In 1955 Cocos Keeling officially becomes Australian territory, but the Clunies-Ross family don’t see themselves as subject to Australia and still treat their workers like slaves. In 1978 Australia buys Home Island from the family for 6 250 000 Australian dollars, but the family retain the manor house. However, in 1979 a management board is founded but relations between the family and the board are so bad that the government takes possession of the house in 1983 and bans the family from the island.

In 1984 the islanders get to determine their own future and vote to remain part of Australia, rather than become independent. In 1987 the production of copra is ended as it is no longer profitable. It is difficult to say how the people on Home Island make a living today, but apparently there is enough work for everybody by servicing the labour requirements of the supermarket, hardware store, clinic, Shire’s office and in maintaining the island’s infrastructure.

Our stay at Cocos Keeling

We were rather isolated at Direction Island as yachts are not allowed to sail further within the lagoon and whilst there are ferries that run between the islands, while we were there, the ferry that runs to and from Direction Island was in for service. Thus we never got to see West Island.  Home Island was about 20 minutes away by dinghy and, due to the brusque trade winds, we were soaked by the time we got there.

The supermarket gets fresh vegetables and fruit flown in every week and we were warned that it sold out quickly. Due to trouble with our dinghy motor we only got to the shop at 09:30 and were lucky to get some broccoli and the last remnants of carrots.

Partly because we were so isolated at Direction Island, crew on the four yachts anchored there were very sociable. We had sundowners and a games evening and also snorkeled “The Rip” together.
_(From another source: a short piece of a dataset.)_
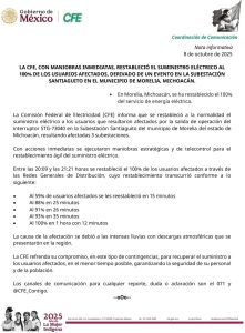 Detalló que existió comunicación y coordinación con la Comisión Federal de Electricidad (CFE), quiénes fueron los encargados de llevar a cabo el reacondicionamiento y reparación de los aparatos dañados que afectaron, de acuerdo al reporte, cerca de 7 colonias.

Here a strong current flow into the lagoon through a narrow opening between Direction Island and Prison Island. We always enjoy snorkelling such passes as they teem with big fish and sharks and the side walls are normally clad in beautiful coral. On this occasion we saw numerous large fish and some majestic Napoleon Wrasse, calmly nibbling at the rocks and coral in the calm, shallow waters, adjacent to the rip. Some allowed us to approach almost within arms’ length.

What astonished us about both Christmas Island and Cocos Keeling, is the investment Australia makes in protecting its extended borders. While we visited, the Border Force ships, Ocean Protector and Ocean Shield, were anchored at both islands semi-permanently.

After enjoying a week in yet another paradise, we cleared out, lifted anchor and set sail for Tanzania, Africa, 3 330nm to the west. Some 13nm out of Cocos an aircraft flew low over Moondust and shortly afterwards one of the Australian Border Force crew called on the radio, checking our movements, onward destination and ended with warm wishes for a safe and pleasant passage.